INTRODUCTION: Electron microscopy has been for decades a basic morphological method still used in diagnostic protocols of some pathological conditions affecting the ultrastructure of cells and extracellular matrix. The aim of this study was an ultrastructural description of gingiva of patients with Hunter syndrome and hereditary gingival fibromatosis.
PATIENTS AND METHODS: Gingival biopsies were obtained during surgical periodontal treatment from a 9-year-old boy with Hunter disease (with enzyme replacement therapy with recombinant human idursulphase) and a 15-year-old girl with hereditary gingival fibromatosis. Gingival samples obtained from the upper anterior region were processed and examined with transmission electron microscope.
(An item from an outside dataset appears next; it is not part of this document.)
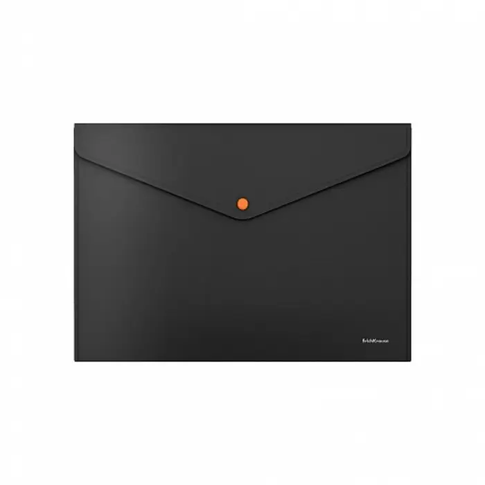 Папка-конверт на кнопке А4, 180 мкм, ErichKrause "Matt Accent", тиснение "песок", с неоновой кнопкой, непрозрачная, черная, микс

RESULTS: In the case of Hunter syndrome due to the genetic lack of one lysosomal enzyme, an intercellular accumulation of glycosaminoglycans occurs. Within the gingiva of a patient with Hunter syndrome we observed membrane-bound storage vesicles in the cytoplasm of fibroblasts, endothelial cells of capillaries, surface epithelial cells, mast cells, and macrophages. Despite a long-term enzyme replacement therapy which improves clinical manifestations of Hunter syndrome, on the cellular level we still found marked accumulations of glycosaminoglycans in the cytoplasm of different cells as well as in the extracellular matrix. Hereditary gingival fibromatosis is a benign, slowly progressive and non-inflammatory gingival enlargement with a predominance of randomly oriented collagen fibrils in the gingival lamina propria. Some of these fibrils exhibited loops. Another unusual ultrastructural finding is the presence of empty perinuclear space in the cytoplasm of epithelial cells. The origin and significance of these non-membrane bound spaces are unknown.
CONCLUSION: In both genetically determined diseases, the electron microscopic examination may be useful, and physicians get relevant information about the progress of illness.